→ ASSIGNMENT:
Retype only what runs from the beginning of the data through the line with "Comprar Sombrero de"; please omit the pictures and keep every line exact.

→ DATA LISTING:
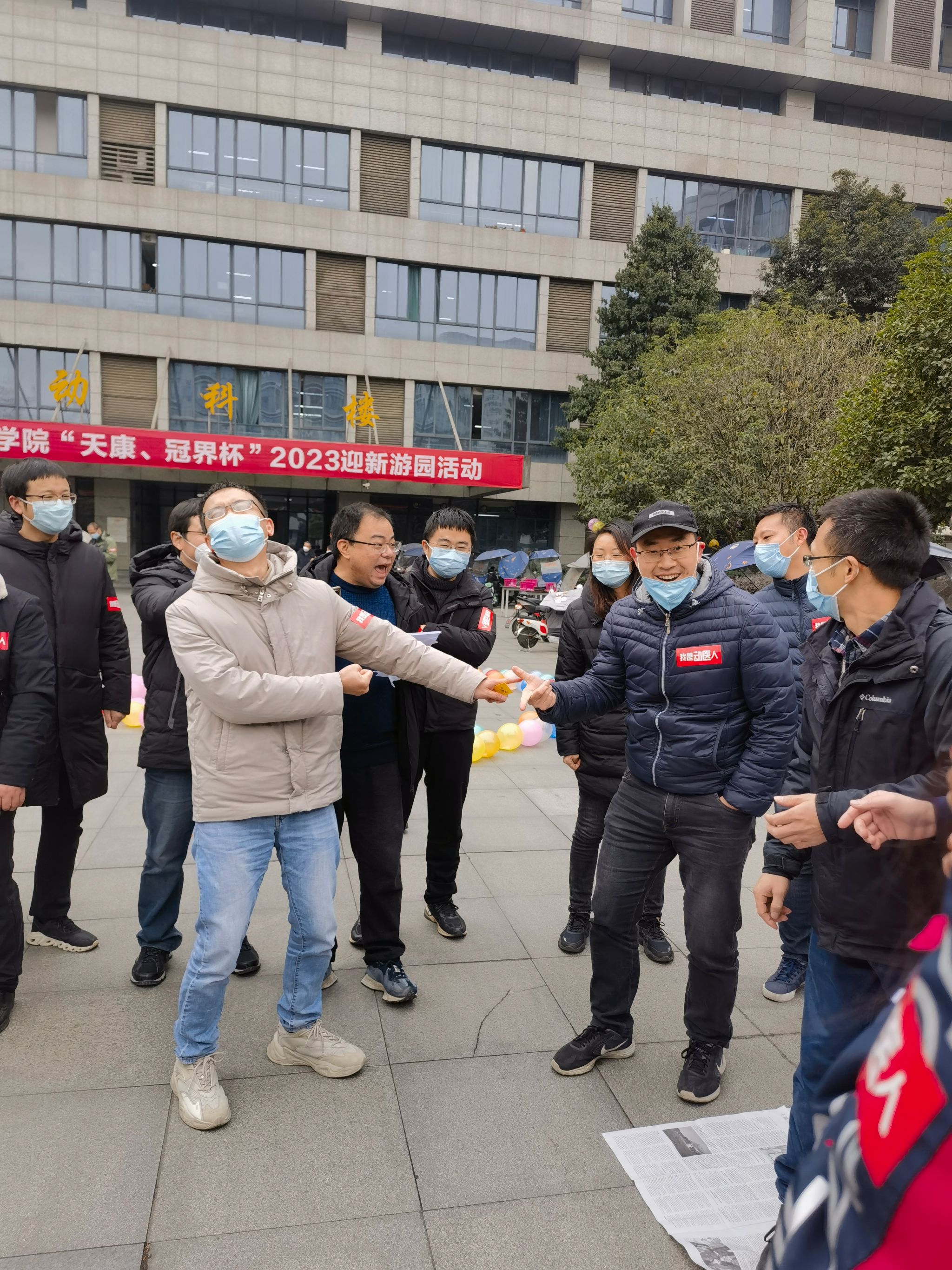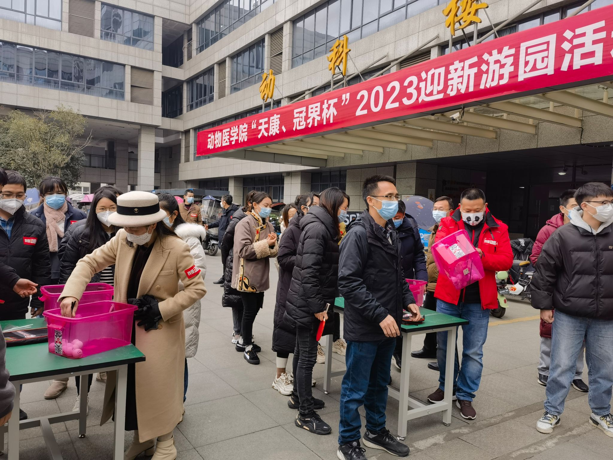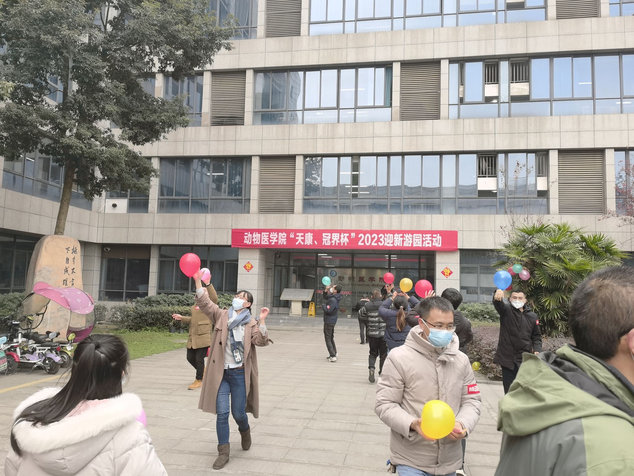 为释放教职工日常工作压力,同时增进教职工感情,2022年12月29号下午15:00,动物医学院在第六教学楼下举行了一年一度的“天康、冠界杯”2023迎新游园活动,活动主题是“玉兔捧福来,福满迎新年”。学院院长程安春、学院党委书记廖鹏携全体党政、工会、教代会负责人及全体教职员工参加了活动。
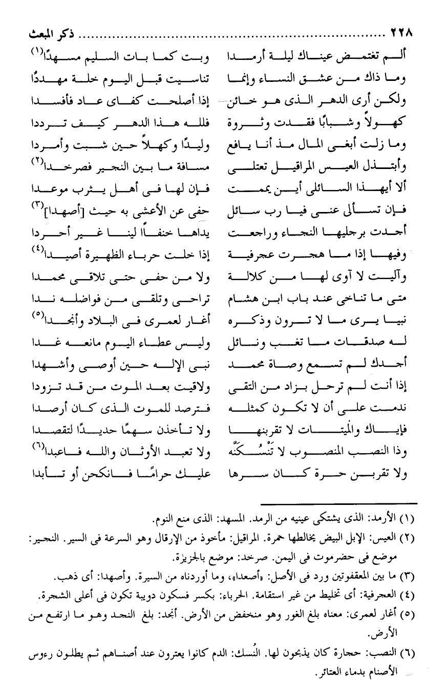 وذا النصب المنصوب لا تنسكنّه ... ولا تعبد الأوثان والله فاعبدا «6»
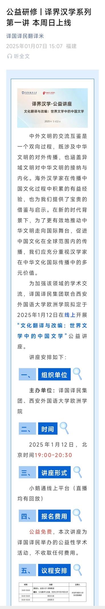 参会的老师请于2025年1月11日12:00前填写在线报名表:在线报名表:公益研修-译界汉学系列第一讲http://docs.qq.com/sheet/DQW9xYm1Wc1NSckph?tab=BB08J2
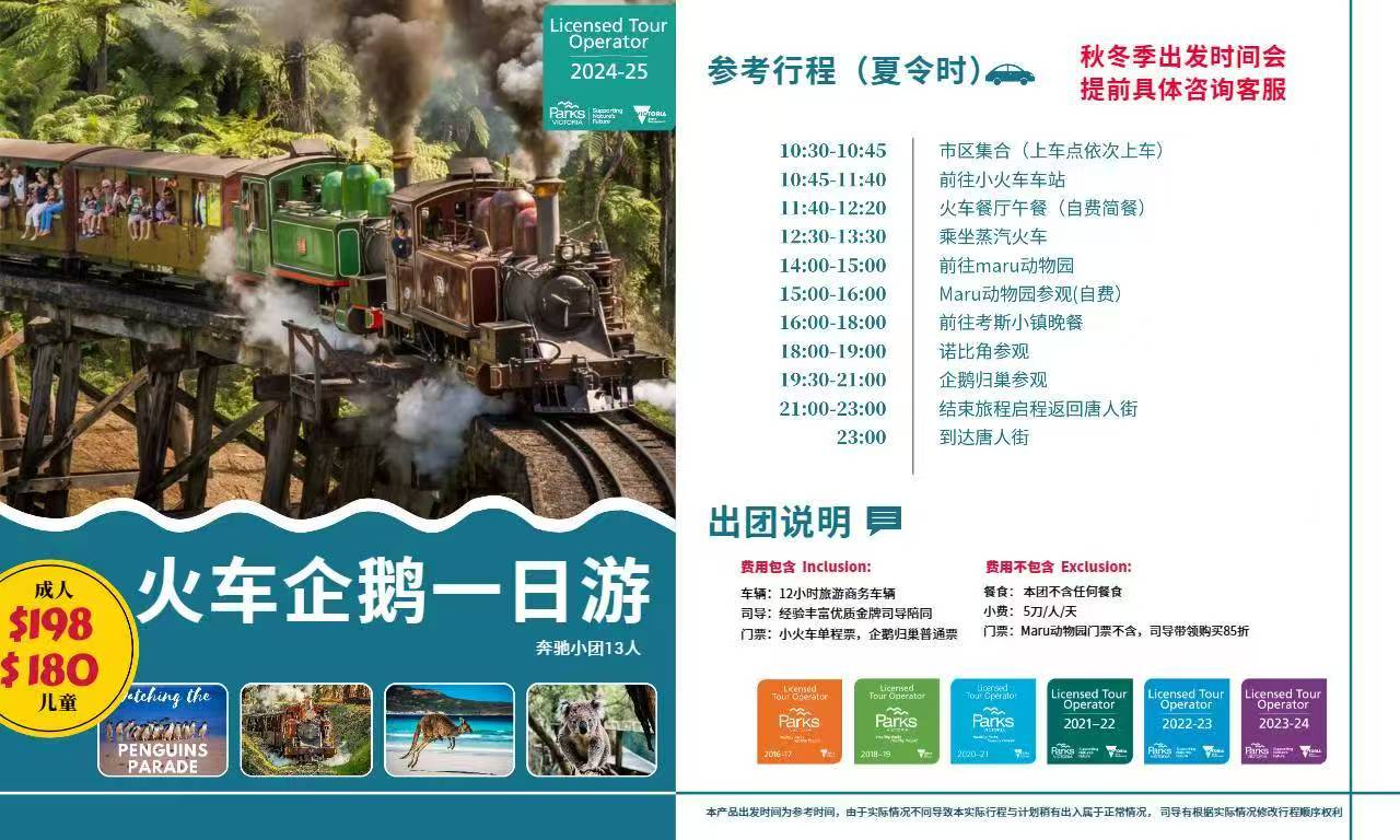 澳大利亚 | 墨尔本 古董蒸汽火车+企鹅岛一日游(13人奔驰小团)可选马鲁动物园或月光动物园
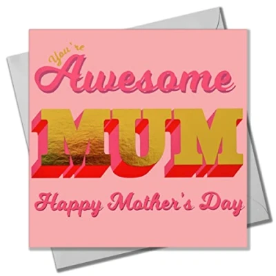 DIMENSIONS: 150x150mm CAPTION: You're Awesome Mum, Happy Mother's Day EMBELLISHMENT: Foil detail with Shiny Gold BLANK INSIDE: Space inside for your own message MADE IN THE UK: Designed, printed and finished in the UK HIGH-QUALITY: Printed on top quality heavy 350gsm card stock, with envelope included SUSTAINABLE: Comes wrapped in Compostable bag or with a card catch label. Both the greetings card & envelope are sustainably sourced and recyclable STANDARD LETTER SIZE: Can be sent with Royal Mail standard letter stamps
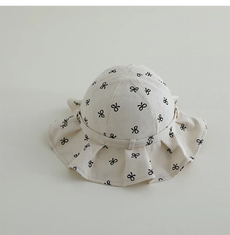 Comprar Sombrero de pescador coreano para bebés y niñas, gorro de lavabo con estampado de encaje y lazo, gorro de algodón transpirable para niños, sombrilla para exteriores, sombrero para el sol
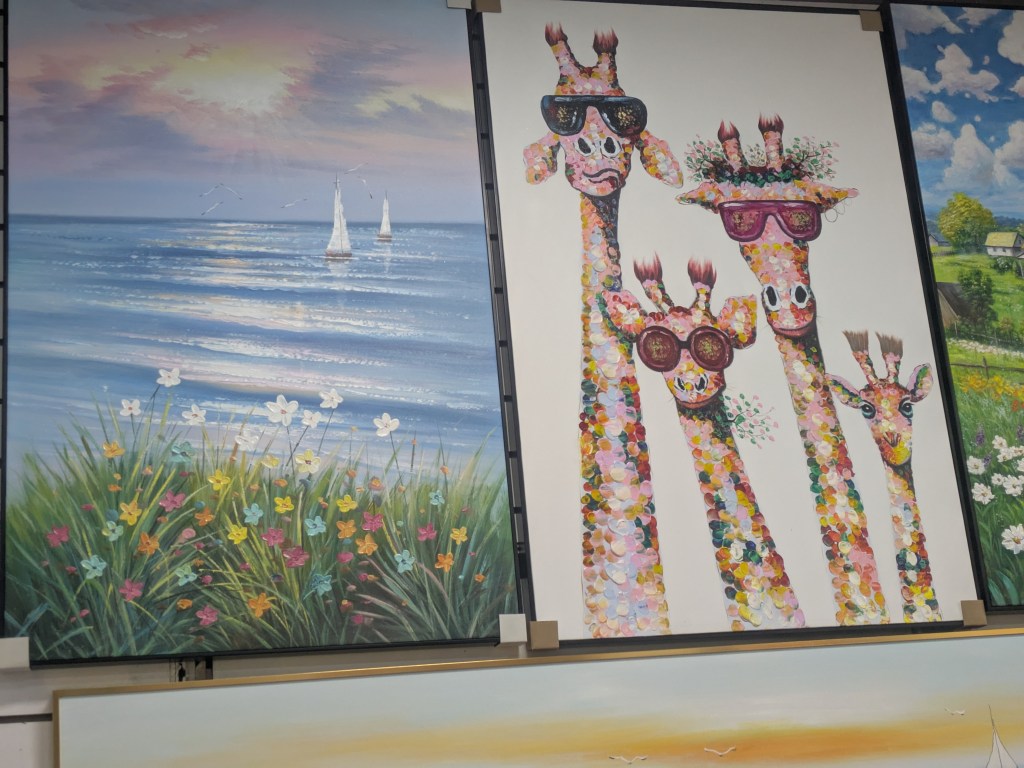 In the behemoth ‘special economic zone’ of Guangdong Province that is Shenzhen, much of the city ascribes dogmatically to economic incentives deemed necessary for China’s survival post 1980. The Dafen Oil Painting village is a historical area, preserved to retain its characteristics pre-1980 industrial revolution. However, Dafen, like the rest of Shenzhen, had to adapt. Existing as a tourist attraction, a marketplace, and a cultural hub all at once, Dafen somehow feels effortless. Artists sit in their studios that double as ‘galleries’ quietly layering paint upon canvas surrounded by stacks of reproductions. Outside, smokers mirror iconic little girls in stacks of Yoshitomo Maras. Inside, artists scrape, layer and dab commissions dutifully, with tourists holding pet turtles and squirmy children enter through the doors of their studios to gaze at the works in progress at their leisure. In the way of much of Asia, it is a carousel of people working, commuting, enjoying, and just living, with glimpses here and there of the juiciest little oddities.
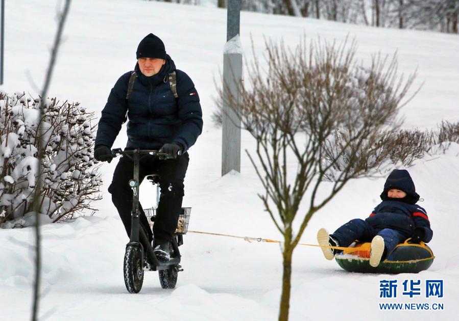 1月13日,人们在白俄罗斯首都明斯克一个公园玩耍。
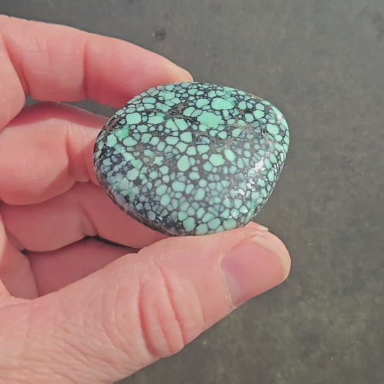 This is a beautiful large piece of rare and old Blue Boy Variscite. The unique shape and color of the gemstone make it a one-of-a-kind addition to any jewelry collection. This cabochon is perfect for those looking to add a touch of elegance to their handmade jewelry designs. Whether you are a jewelry maker or a collector, this Blue Boy Variscite cabochon is a must-have.
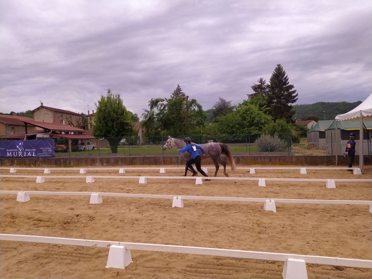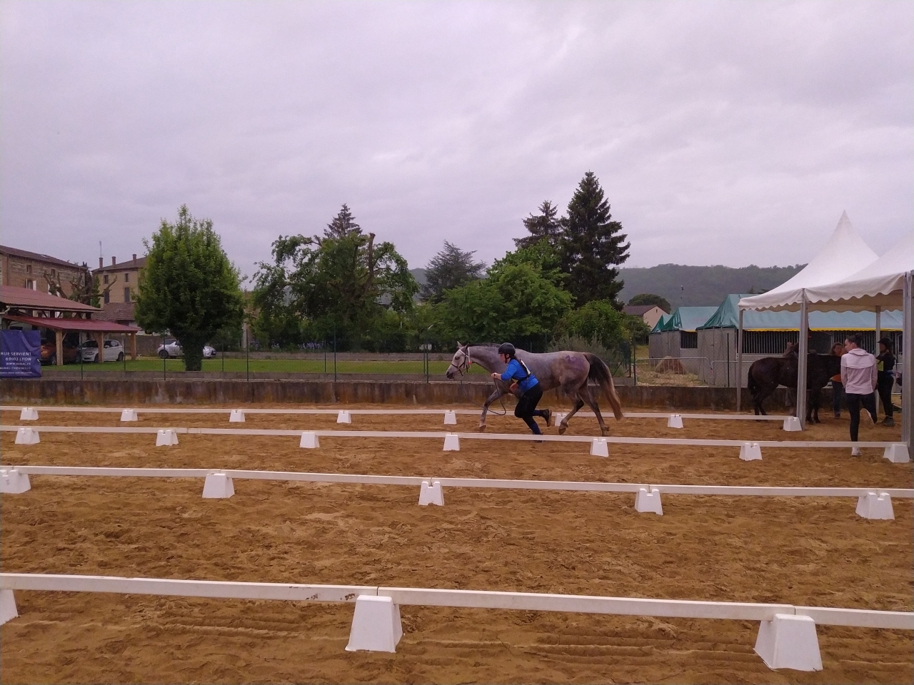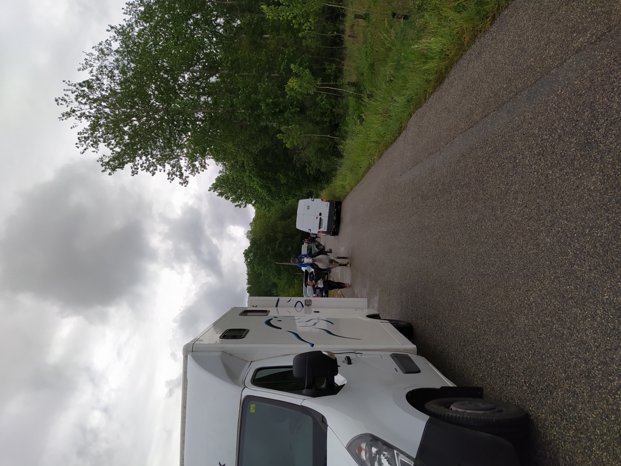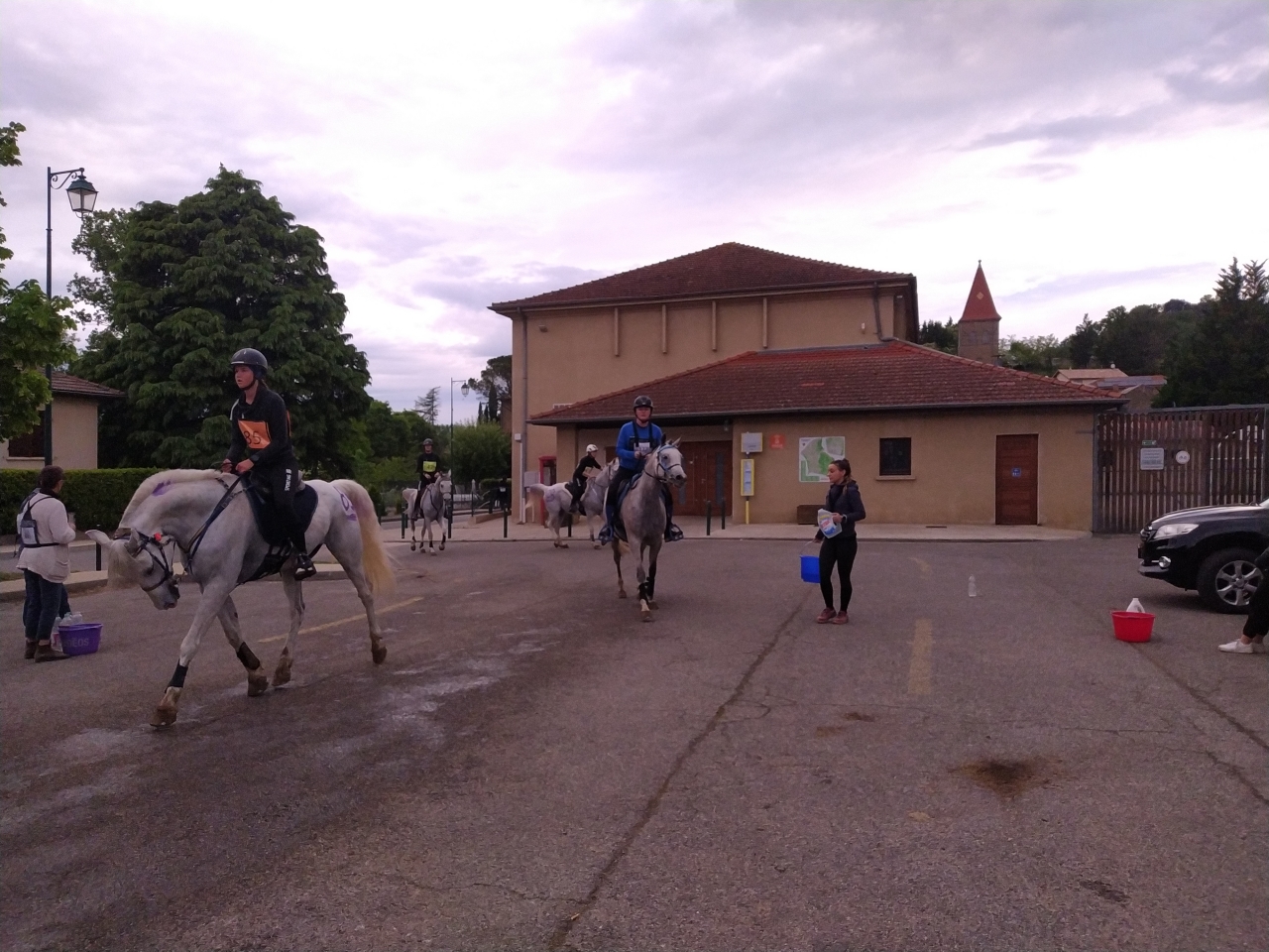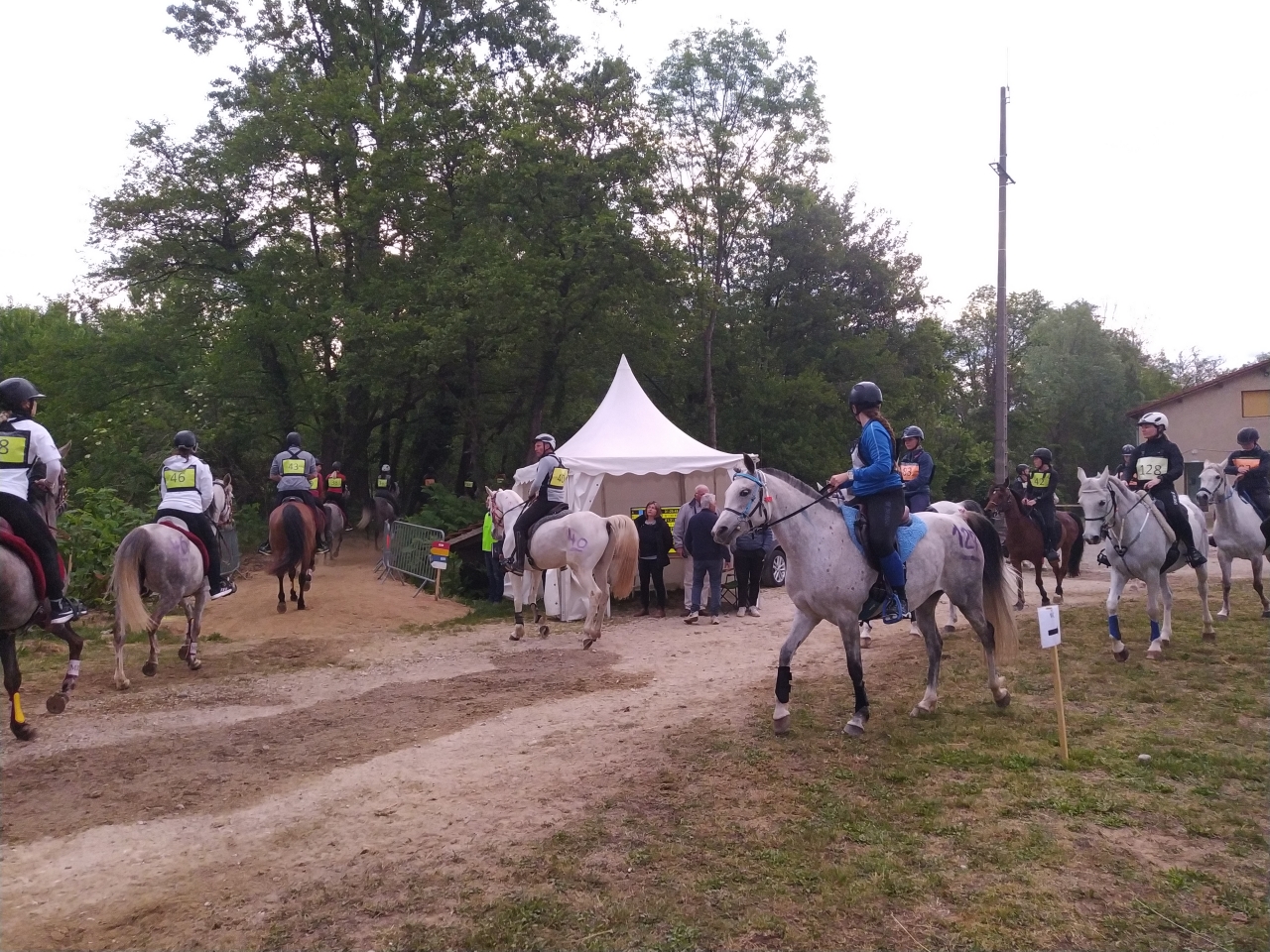 | Dire merci | Vendredi, M fera une petite détente au pas d'1h25, la jument est en forme me dit elle ![]() et arrive le départ, Samedi 14h, tout est chargé, le matos, la jument, M et sa maman G. On arrive sur place vers 17h, la jument a très bien voyagé malgré les 27° qui me sèchent lol On la décharge, on la marche, on va chercher les dossards, on lui fait un paddock, on commence à installer notre espace pour le lendemain matin et on la passe au controle. Malgré l'ambiance, elle reste calme, seul le haut parleur semblera l'agiter un peu... ![]() ![]() tout est ok, on la met au box puis on file dare dare chez Kagnotte pour papoter en 2-2 avant de retourner manger sur le site (repas prévu à 20h et il est déjà 19h !) |

→ WRITTEN RESPONSE:
 为释放教职工日常工作压力,同时增进教职工感情,2022年12月29号下午15:00,动物医学院在第六教学楼下举行了一年一度的“天康、冠界杯”2023迎新游园活动,活动主题是“玉兔捧福来,福满迎新年”。学院院长程安春、学院党委书记廖鹏携全体党政、工会、教代会负责人及全体教职员工参加了活动。
 وذا النصب المنصوب لا تنسكنّه ... ولا تعبد الأوثان والله فاعبدا «6»
 参会的老师请于2025年1月11日12:00前填写在线报名表:在线报名表:公益研修-译界汉学系列第一讲http://docs.qq.com/sheet/DQW9xYm1Wc1NSckph?tab=BB08J2
 澳大利亚 | 墨尔本 古董蒸汽火车+企鹅岛一日游(13人奔驰小团)可选马鲁动物园或月光动物园
 DIMENSIONS: 150x150mm CAPTION: You're Awesome Mum, Happy Mother's Day EMBELLISHMENT: Foil detail with Shiny Gold BLANK INSIDE: Space inside for your own message MADE IN THE UK: Designed, printed and finished in the UK HIGH-QUALITY: Printed on top quality heavy 350gsm card stock, with envelope included SUSTAINABLE: Comes wrapped in Compostable bag or with a card catch label. Both the greetings card & envelope are sustainably sourced and recyclable STANDARD LETTER SIZE: Can be sent with Royal Mail standard letter stamps
 Comprar Sombrero de pescador coreano para bebés y niñas, gorro de lavabo con estampado de encaje y lazo, gorro de algodón transpirable para niños, sombrilla para exteriores, sombrero para el sol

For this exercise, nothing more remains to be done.